Right page if: you need to understand the licensing terms for Edictum's core library and control plane before procurement or integration. Wrong page if: you need technical details about what each product does -- see https://docs.edictum.ai/docs/core-vs-control-plane. Gotcha: core library (MIT) has no copyleft obligations. Control Plane (FSL-1.1-ALv2) is source-available with a non-compete clause -- you can use, modify, and self-host freely, but cannot offer a competing product. The license converts to Apache 2.0 after two years.

Core Library — MIT

pip install edictum

The core library is MIT licensed. Use it in commercial, proprietary, or open-source projects without restriction. No copyleft obligations, no attribution requirements beyond the license file.

  • Free, no usage limits
  • No per-agent fees
  • No telemetry or phone-home
  • Zero runtime dependencies

Optional Server Surface — FSL-1.1-ALv2

Self-hosted operations surface. The Functional Source License (FSL-1.1-ALv2) applies to the server code.

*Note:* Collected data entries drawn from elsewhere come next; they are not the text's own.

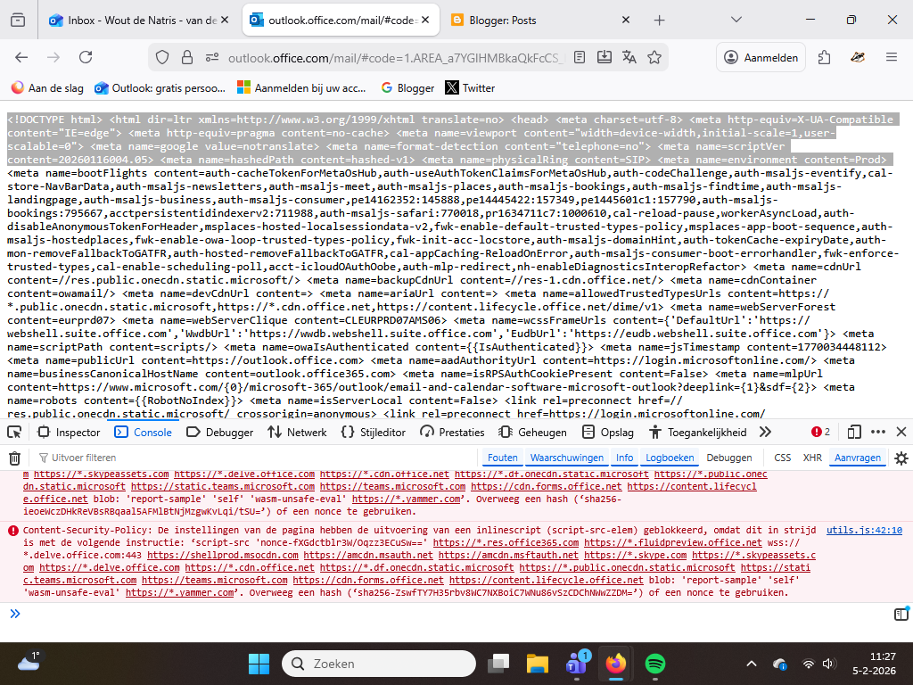 Since Monday my account (as logged in with here) is stuck in HTML mode. It happened after an email would not open and I used the back arrow to go back to my inbox. Instead of arriving there, I got the html code. I've tried several options advised by Microsoft 365, to no avail. My sys admin said it was most likely a browser issue, so I hope you can help me with the action to get my account back. The issue is only on my desktop and I can access the account there using another browser. See attachement as example. Please advise.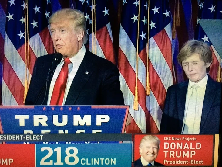 Малодшы сын Дональда Трампа, дзесяцігадовы Бэран, ледзь не заснуў, пакуль яго бацька выступаў з першай прамовай у якасці абранага прэзідэнта ЗША. Відэазапіс выступлення мільярдэра апублікаваў тэлеканал Sky News.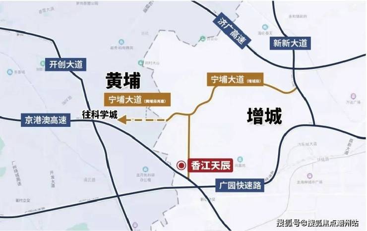 香江天辰交通方面自驾比较方便,可以通过广深高速、广园快速、广深大道,快速通达黄埔、科学城、天河等中心区,特别对科学城白领来讲,出门不远就是已经通车的宁埔大道,双向六车道为你的畅通出行保驾护航。

  • Free to self-host, modify, and use for any purpose except building a competing product
  • No per-agent fees, no usage limits
  • Source is fully available — read, audit, and modify the code
  • Converts to Apache 2.0 after two years from each release date — at that point, all restrictions are removed
  • No copyleft obligations — you do not have to release your modifications

What counts as a competing use? Offering the control plane (or a substantially similar product) as a commercial service to others. Using it internally, for consulting, or in connection with services you provide to your own customers is explicitly permitted.

Enterprise License

For organizations that need a commercial license without the non-compete clause, dedicated deployment support, SSO/SAML, or SLA-backed support:

Contact hello@edictum.ai.

No Vendor Lock-in

  • Rulesets are YAML files you own and version in your repo
  • The core library works fully standalone — no server dependency
  • The optional server surface is self-hosted — your data stays on your infrastructure
  • All audit events are yours — export via OTel, file sinks, or the API
  • Switch from control-plane-managed to local rulesets at any time

FAQ

Can I use the core library in a proprietary product? Yes. MIT imposes no restrictions on commercial use.

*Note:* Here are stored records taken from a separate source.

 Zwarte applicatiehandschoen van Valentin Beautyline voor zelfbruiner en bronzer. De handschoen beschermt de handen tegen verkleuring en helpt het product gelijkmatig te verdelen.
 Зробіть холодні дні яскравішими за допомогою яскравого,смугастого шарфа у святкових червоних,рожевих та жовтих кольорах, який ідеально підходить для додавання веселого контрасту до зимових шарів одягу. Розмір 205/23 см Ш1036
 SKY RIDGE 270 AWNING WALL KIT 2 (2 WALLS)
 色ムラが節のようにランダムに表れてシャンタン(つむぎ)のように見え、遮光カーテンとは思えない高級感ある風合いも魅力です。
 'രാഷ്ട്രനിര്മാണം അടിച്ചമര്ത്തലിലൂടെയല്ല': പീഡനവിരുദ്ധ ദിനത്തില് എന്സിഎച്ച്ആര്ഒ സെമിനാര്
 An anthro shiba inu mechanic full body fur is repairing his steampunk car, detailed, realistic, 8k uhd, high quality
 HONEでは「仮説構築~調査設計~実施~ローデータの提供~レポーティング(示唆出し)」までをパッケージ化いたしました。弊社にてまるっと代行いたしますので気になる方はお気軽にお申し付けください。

Do I need to open-source my agent code if I use the optional server surface? No. The FSL has no copyleft clause. Your agent code uses the core library (MIT) and connects to the control plane via API. Neither license requires source disclosure.

What if I fork and modify the optional server surface? You can modify the optional server surface freely for any non-competing purpose. Unlike AGPL, the FSL does not require you to release your modifications. After two years, the Apache 2.0 conversion removes even the non-compete restriction.

Can I self-host the optional server surface for my company? Yes. Internal use is a permitted purpose regardless of company size.